Data for this task:
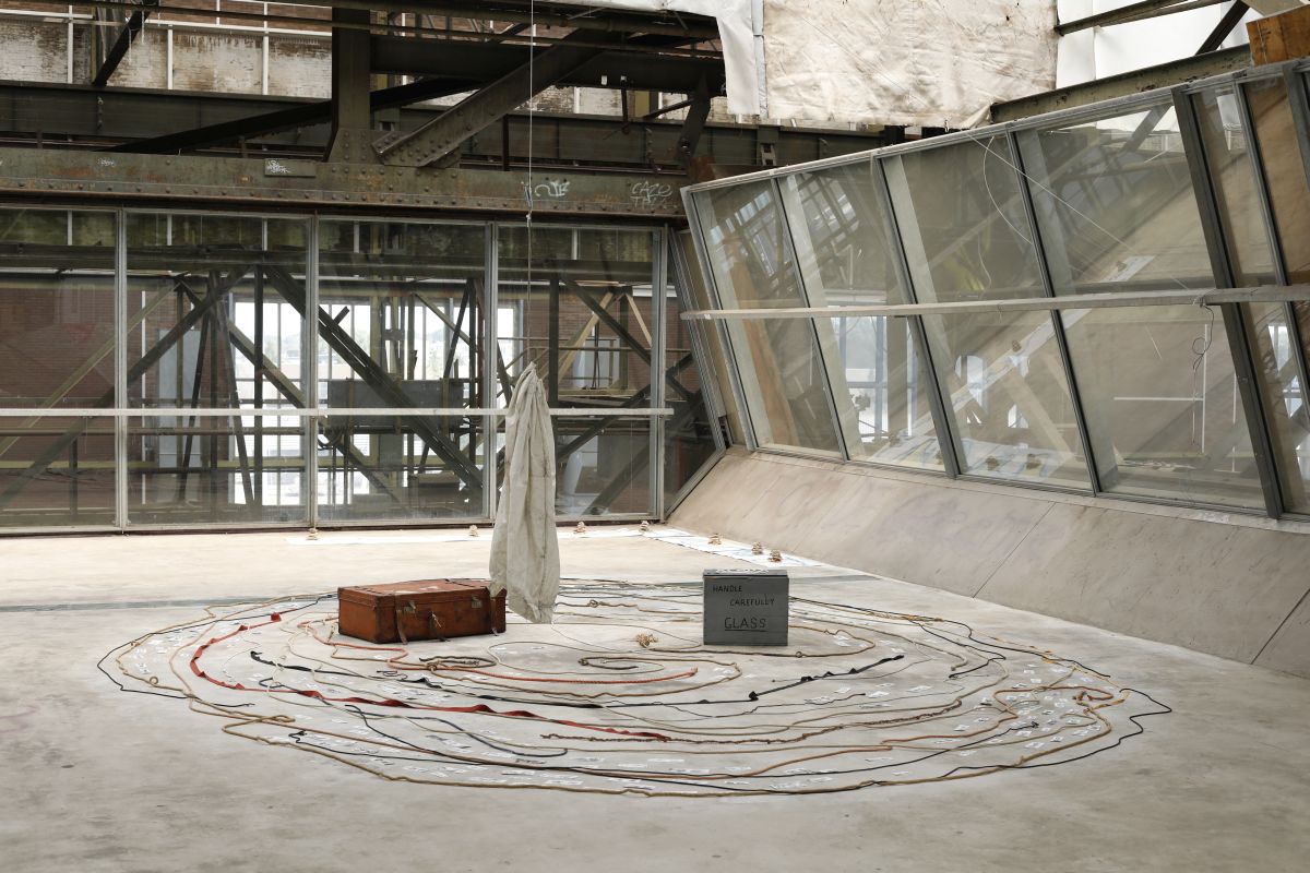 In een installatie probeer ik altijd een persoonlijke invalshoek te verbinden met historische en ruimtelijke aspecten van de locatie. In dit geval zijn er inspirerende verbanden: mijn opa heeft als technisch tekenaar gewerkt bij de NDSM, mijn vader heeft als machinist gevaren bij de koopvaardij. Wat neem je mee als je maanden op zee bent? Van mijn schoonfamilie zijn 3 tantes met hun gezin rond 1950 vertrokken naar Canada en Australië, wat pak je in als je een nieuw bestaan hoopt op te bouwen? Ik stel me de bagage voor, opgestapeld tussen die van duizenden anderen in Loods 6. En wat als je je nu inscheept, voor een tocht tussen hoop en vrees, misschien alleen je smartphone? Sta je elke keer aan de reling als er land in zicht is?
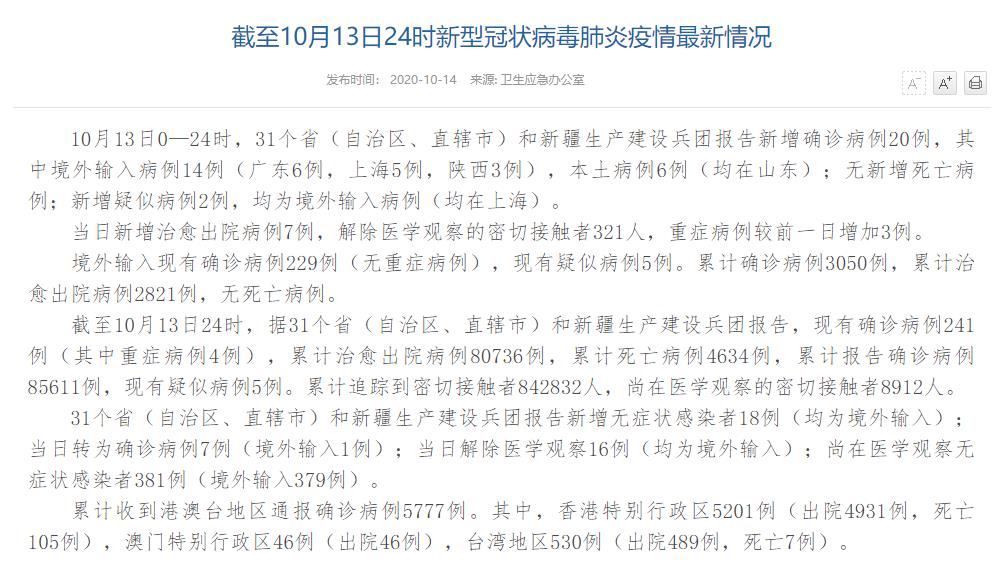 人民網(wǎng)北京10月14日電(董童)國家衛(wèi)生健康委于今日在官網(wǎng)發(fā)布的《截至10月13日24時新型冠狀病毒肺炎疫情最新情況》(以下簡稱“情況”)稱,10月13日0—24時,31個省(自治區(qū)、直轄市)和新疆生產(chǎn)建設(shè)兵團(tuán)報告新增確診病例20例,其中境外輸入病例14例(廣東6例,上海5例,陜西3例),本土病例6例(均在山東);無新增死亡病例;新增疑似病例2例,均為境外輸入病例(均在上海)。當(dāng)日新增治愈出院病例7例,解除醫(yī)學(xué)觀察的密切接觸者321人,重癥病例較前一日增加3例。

---

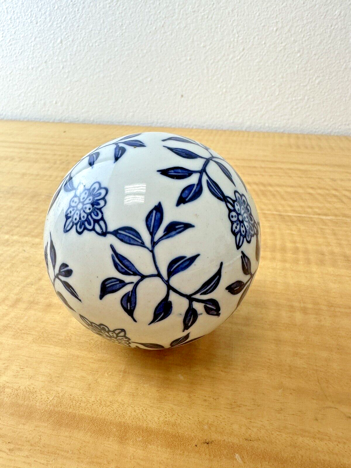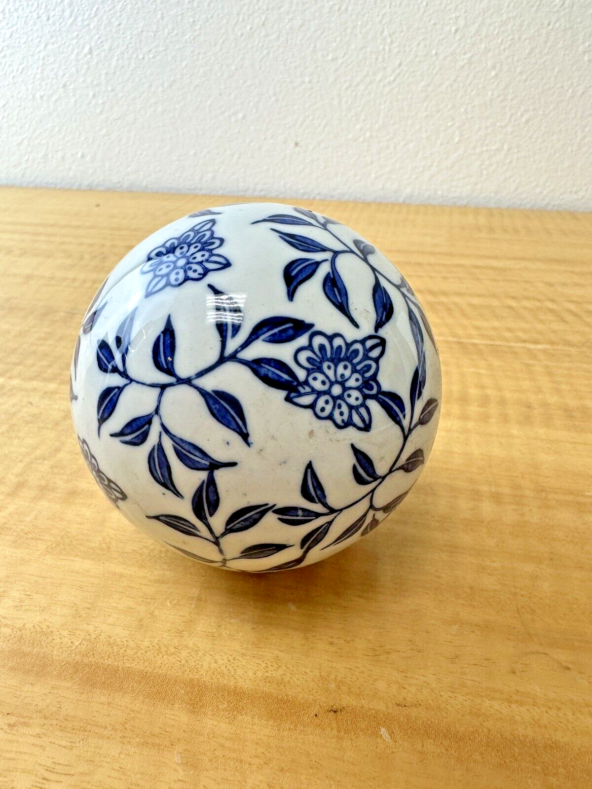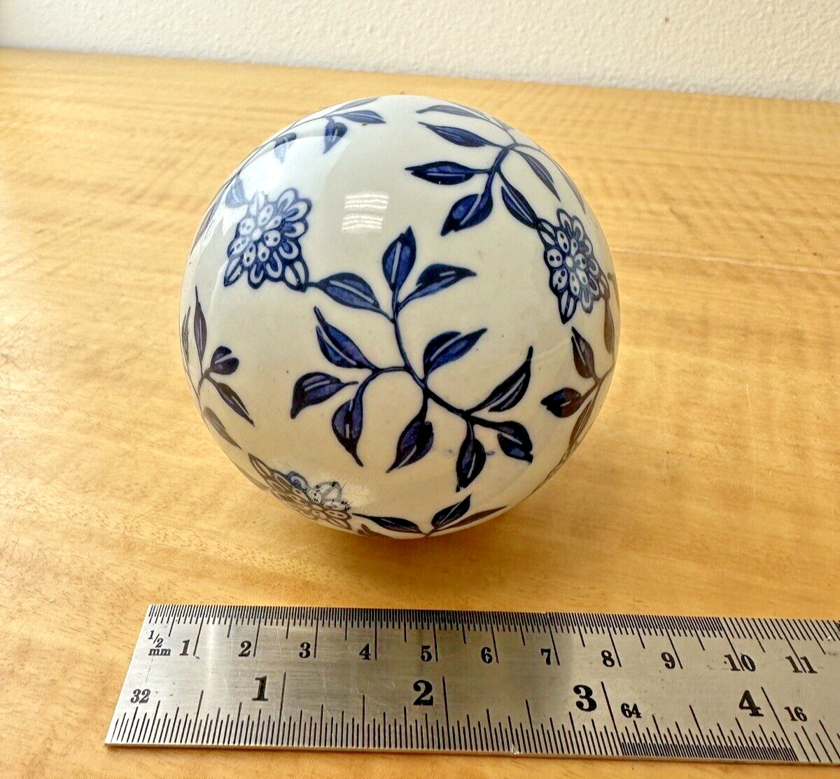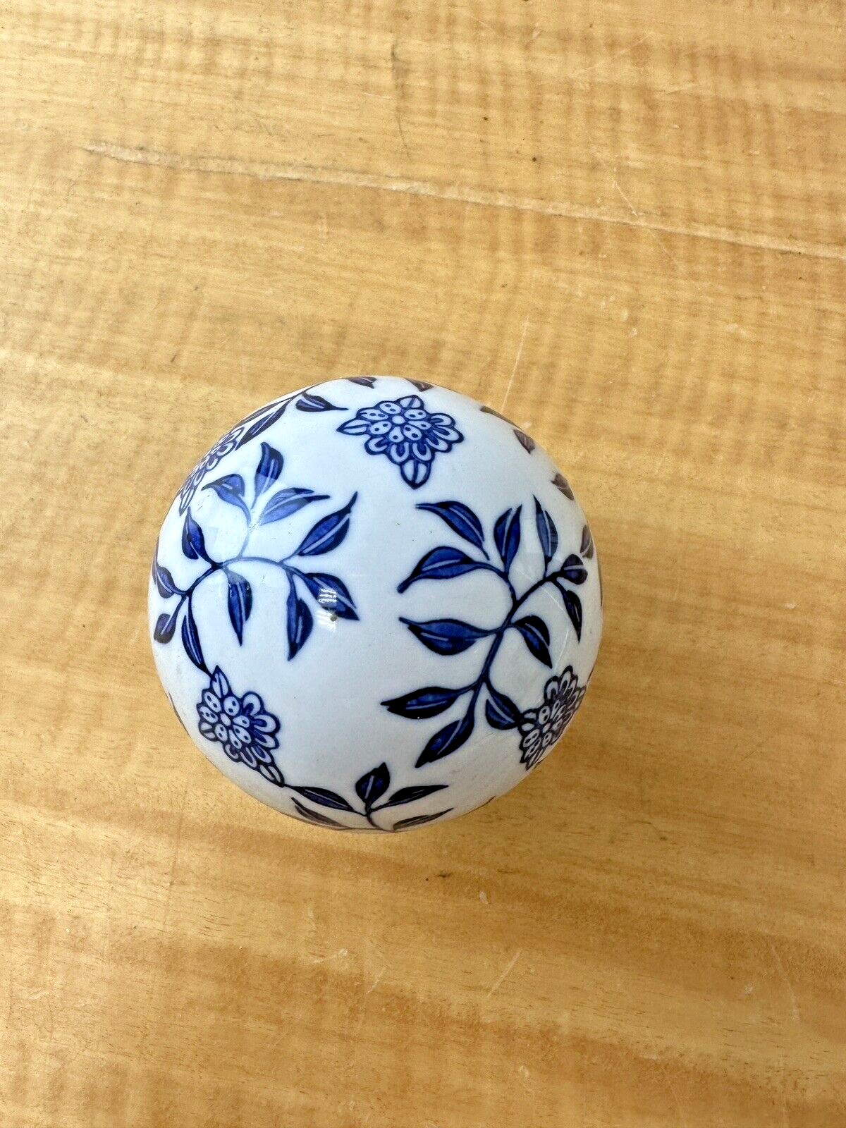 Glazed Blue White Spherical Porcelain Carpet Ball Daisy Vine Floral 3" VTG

Work instruction: Above are records; repeat only the lines from the line with "In een installatie" through the line with "人民網(wǎng)北京10月", and leave pictures out.

Response to the task:
 In een installatie probeer ik altijd een persoonlijke invalshoek te verbinden met historische en ruimtelijke aspecten van de locatie. In dit geval zijn er inspirerende verbanden: mijn opa heeft als technisch tekenaar gewerkt bij de NDSM, mijn vader heeft als machinist gevaren bij de koopvaardij. Wat neem je mee als je maanden op zee bent? Van mijn schoonfamilie zijn 3 tantes met hun gezin rond 1950 vertrokken naar Canada en Australië, wat pak je in als je een nieuw bestaan hoopt op te bouwen? Ik stel me de bagage voor, opgestapeld tussen die van duizenden anderen in Loods 6. En wat als je je nu inscheept, voor een tocht tussen hoop en vrees, misschien alleen je smartphone? Sta je elke keer aan de reling als er land in zicht is?
 人民網(wǎng)北京10月14日電(董童)國家衛(wèi)生健康委于今日在官網(wǎng)發(fā)布的《截至10月13日24時新型冠狀病毒肺炎疫情最新情況》(以下簡稱“情況”)稱,10月13日0—24時,31個省(自治區(qū)、直轄市)和新疆生產(chǎn)建設(shè)兵團(tuán)報告新增確診病例20例,其中境外輸入病例14例(廣東6例,上海5例,陜西3例),本土病例6例(均在山東);無新增死亡病例;新增疑似病例2例,均為境外輸入病例(均在上海)。當(dāng)日新增治愈出院病例7例,解除醫(yī)學(xué)觀察的密切接觸者321人,重癥病例較前一日增加3例。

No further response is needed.